• Jacob Bourne

Atmospheric CO2 Levels Reach Record High in May Despite Pandemic

Although the coronavirus pandemic’s onset resulted in over a year of reduced economic activity globally, the amount of carbon dioxide in Earth’s atmosphere is still rising. According to the Scripps Institution of Oceanography, the monthly average for May 2021 was 419 parts per million — much higher than the 350 ppm generally agreed as the safe upper limit for the atmospheric concentration of CO2.

Mauna Loa Observatory. Credit: NASA

The reading came from the National Oceanic and Atmospheric Administration’s Mauna Loa Baseline Observatory, where the practice of CO2 readings began in 1958. That year the CO2 reading was 316 ppm. While NOAA’s May 2021 average came in at 419.13 ppm, it was 417 ppm in May 2020. On two occasions in 2021 to date, Scripps recorded readings above 420 ppm.

The recent readings represent the highest concentrations of CO2 in Earth’s atmosphere since humans have been on the scene. About 4.1 million to 4.5 million years ago during the Pliocene when sea levels were about 78 feet higher than present and temperatures averaged 7 degrees Fahrenheit warmer than pre-industrial temperatures, CO2 was about 400 ppm.

It also demonstrates how current efforts to address climate change are vastly below the work required.

The reduced economic activity in 2020 brought on by pandemic-related shutdowns yielded a 7% drop in fossil fuel emissions since 2019, according to a report from the Stanford University School of Earth, Energy & Environmental Sciences. Although the fall is a historic one, it wasn’t enough to halt the march of escalating atmospheric CO2 concentrations.

"The ultimate control knob on atmospheric CO2 is fossil-fuel emissions,” said Scripps geochemist Ralph Keeling, who took over the Mauna Loa measurement series named the Keeling Curve. after his father’s death in 2005. “But we still have a long way to go to halt the rise, as each year more CO2 piles up in the atmosphere. We ultimately need cuts that are much larger and sustained longer than the COVID-related shutdowns of 2020.”

The problem is that CO2 is a long-lived gas that will linger in the atmosphere for centuries after it’s emitted, trapping solar radiation in the troposphere unless some other process removes it. Furthermore, the warming that has already occurred has spurred carbon emissions not directly tied to human activity, such as from worsening wildfire seasons, melting permafrost and methane bubbling up from Arctic lakes. This is in addition to the continued emissions from human activity such as transportation, manufacturing, agriculture and the portion of the electrical grid tied to fossil fuels.

“We are adding roughly 40 billion metric tons of CO2 pollution to the atmosphere per year,” said Pieter Tans, a senior scientist with NOAA’s Global Monitoring Laboratory. “That is a mountain of carbon that we dig up out of the earth, burn, and release into the atmosphere as CO2 – year after year. If we want to avoid catastrophic climate change, the highest priority must be to reduce CO2 pollution to zero at the earliest possible date."
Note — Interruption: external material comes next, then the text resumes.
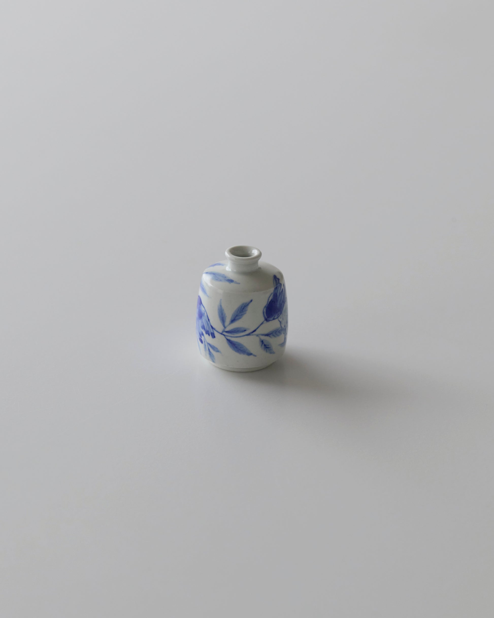 掌にすっと収まる小さな壺の表面に、青花の仏手柑が静かに描かれています。淡く青みを帯びた雪の白と、力強い青の絵付けが響き合い、小さな季節の景色を生み出します。

The pandemic undoubtedly caused much suffering around the world, and what was a potential silver lining linked to the expected drop in emissions hasn’t amounted to much, as evidenced by the Mauna Loa readings. Yet, not taking dramatic and sustained and action to fight climate change will cause the G7 countries to lose almost $5 trillion per year over the next 30 years, according to Oxfam, as reported by Forbes. The loses will be due to the devastation brought on by increased natural disasters, drought, food and water shortages, desertification and sea-level rise, to name a few of climate change's effects.
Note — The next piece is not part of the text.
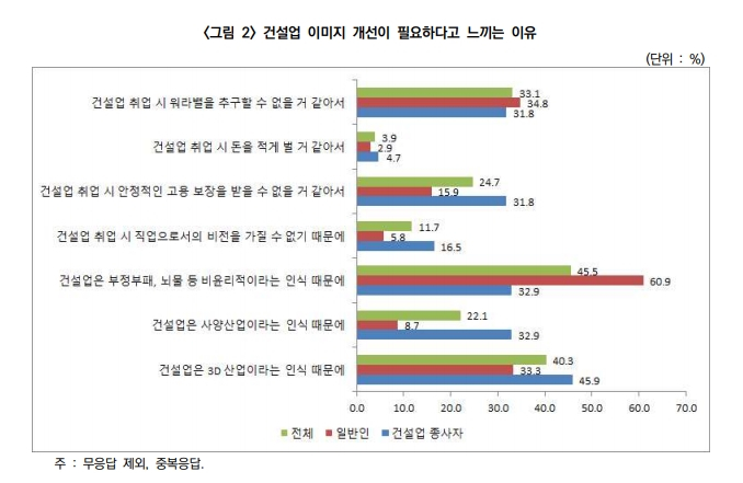 구체적으로 건설업의 이미지 개선이 필요하다고 느끼는 이유가 무엇이냐는 질문에 ‘부정부패, 뇌물 등 비윤리적이라는 인식 때문’이라는 응답이 1순위, ‘3D산업이라는 인식 때문에’가 2순위, ‘취업 시 워라밸을 추구할 수 없을 거 같아서’가 3순위로 꼽혔다.

Some action is being taken, including the development (albeit slow) of carbon capture and sequestration technologies, and the expansion of renewable energy sources. This year, the U.S. rejoiced the Paris Agreement. However, atmospheric CO2 levels continue to escalate as they have every year since the first measurement was taken.
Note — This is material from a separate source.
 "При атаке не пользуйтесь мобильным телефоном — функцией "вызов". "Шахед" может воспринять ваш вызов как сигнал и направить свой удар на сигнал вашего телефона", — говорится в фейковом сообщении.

“So far, most of these proposals are just vaporware,” said Tans. “The solution is right before our eyes. Solar energy and wind are already cheaper than fossil fuels, and they work at the scales that are required. If we keep stalling like we have done, then it will be too late.”

UPDATE, June 8, 2021, 10:17 p.m. PT: The article was updated to include the following: About 4.1 million to 4.5 million years ago during the Pliocene when sea levels were about 78 feet higher than present and temperatures averaged 7 degrees Fahrenheit warmer than pre-industrial temperatures, CO2 was about 400 ppm.